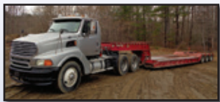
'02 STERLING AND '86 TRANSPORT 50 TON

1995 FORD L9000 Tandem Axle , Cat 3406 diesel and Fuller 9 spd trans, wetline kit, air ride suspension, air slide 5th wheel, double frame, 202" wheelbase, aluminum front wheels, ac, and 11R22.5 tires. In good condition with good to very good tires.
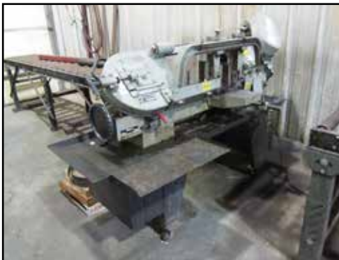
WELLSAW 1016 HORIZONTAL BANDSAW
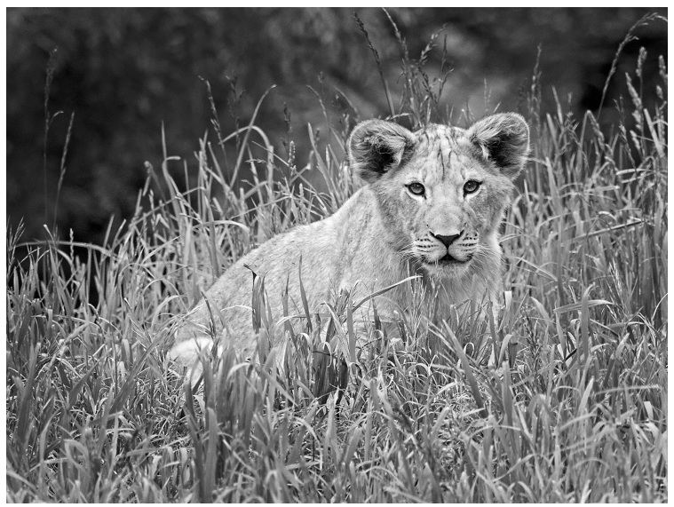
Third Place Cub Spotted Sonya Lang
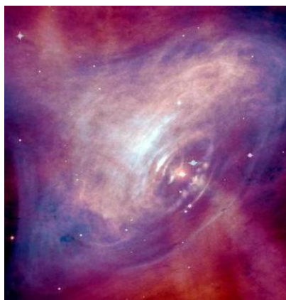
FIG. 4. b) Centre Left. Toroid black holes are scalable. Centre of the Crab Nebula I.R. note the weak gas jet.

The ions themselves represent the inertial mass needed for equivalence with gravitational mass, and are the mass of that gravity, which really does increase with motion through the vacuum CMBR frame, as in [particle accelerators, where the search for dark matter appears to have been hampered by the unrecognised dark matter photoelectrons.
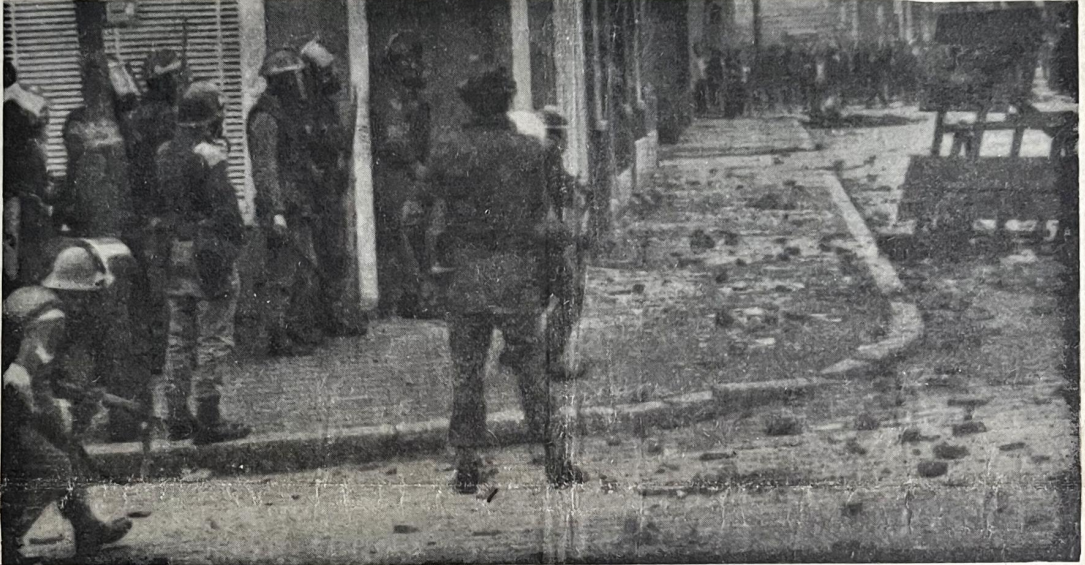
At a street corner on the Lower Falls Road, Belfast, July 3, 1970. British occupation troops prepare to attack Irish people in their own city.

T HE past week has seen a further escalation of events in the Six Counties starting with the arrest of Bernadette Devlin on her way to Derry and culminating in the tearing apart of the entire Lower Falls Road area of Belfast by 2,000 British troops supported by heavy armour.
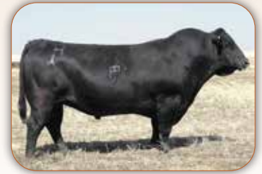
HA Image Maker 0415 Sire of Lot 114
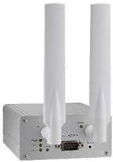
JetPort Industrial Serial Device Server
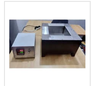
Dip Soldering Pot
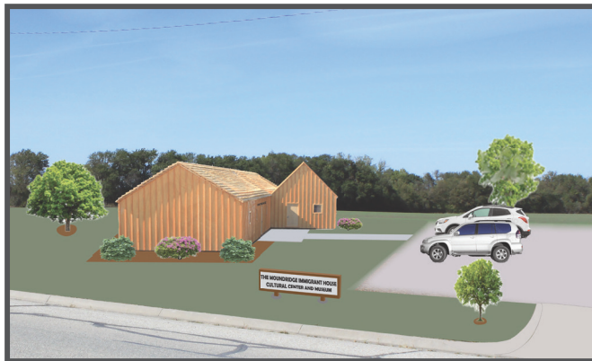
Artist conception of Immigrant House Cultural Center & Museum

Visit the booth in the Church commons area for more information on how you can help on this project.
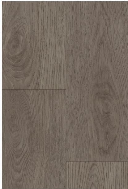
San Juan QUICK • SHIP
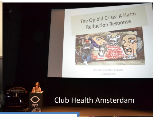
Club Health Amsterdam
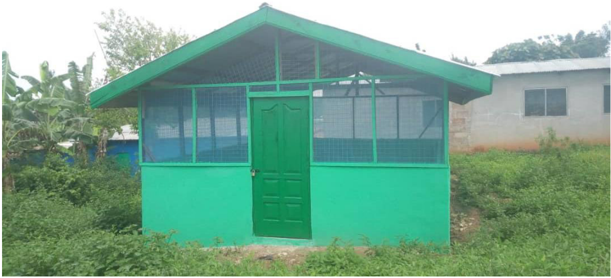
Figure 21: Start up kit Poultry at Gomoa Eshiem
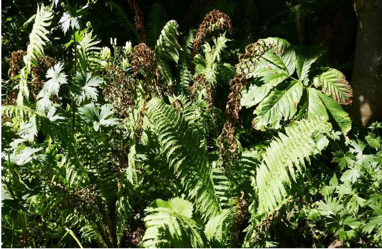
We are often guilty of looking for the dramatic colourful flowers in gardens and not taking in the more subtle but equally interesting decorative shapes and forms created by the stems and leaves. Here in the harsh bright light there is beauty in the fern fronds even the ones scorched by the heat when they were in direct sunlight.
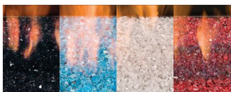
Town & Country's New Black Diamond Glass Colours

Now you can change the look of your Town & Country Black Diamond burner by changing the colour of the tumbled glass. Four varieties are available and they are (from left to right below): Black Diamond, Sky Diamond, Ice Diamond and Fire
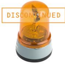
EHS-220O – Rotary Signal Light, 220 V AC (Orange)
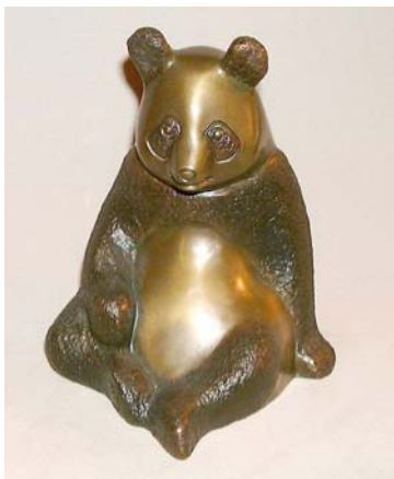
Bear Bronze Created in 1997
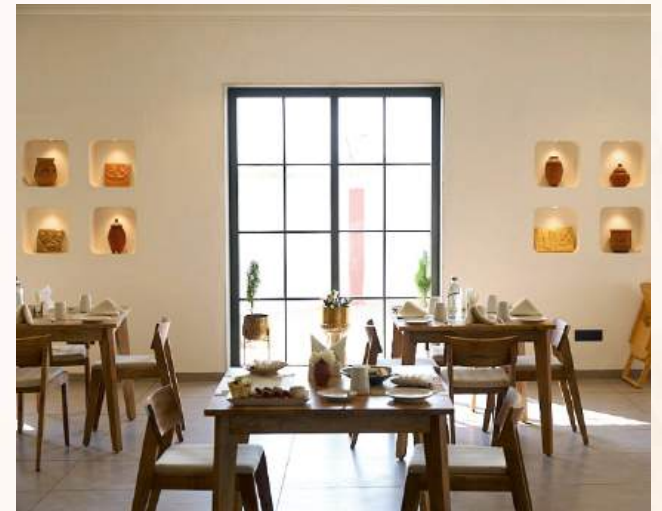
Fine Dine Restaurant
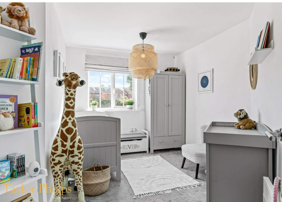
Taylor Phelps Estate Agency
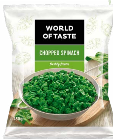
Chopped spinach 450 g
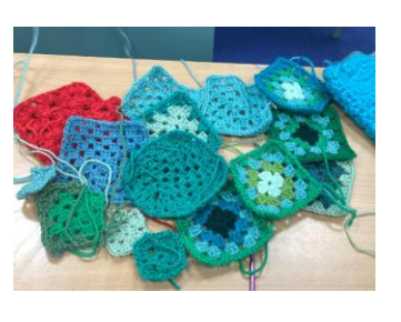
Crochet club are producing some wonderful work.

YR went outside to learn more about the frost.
#####
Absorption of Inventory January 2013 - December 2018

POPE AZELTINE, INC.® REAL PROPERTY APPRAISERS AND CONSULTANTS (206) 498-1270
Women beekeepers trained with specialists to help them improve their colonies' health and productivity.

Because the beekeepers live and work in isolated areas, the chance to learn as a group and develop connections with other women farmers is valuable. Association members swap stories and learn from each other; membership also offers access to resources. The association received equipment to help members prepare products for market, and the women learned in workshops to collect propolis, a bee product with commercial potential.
#####
● **Instructions to follow**
Taking the entries above, extract every line from the one bearing "Fine Dine Restaurant" through the one bearing "YR went outside", exactly, with no pictures.

● **Solution for this exercise**
Fine Dine Restaurant
Taylor Phelps Estate Agency
Chopped spinach 450 g
Crochet club are producing some wonderful work.

YR went outside to learn more about the frost.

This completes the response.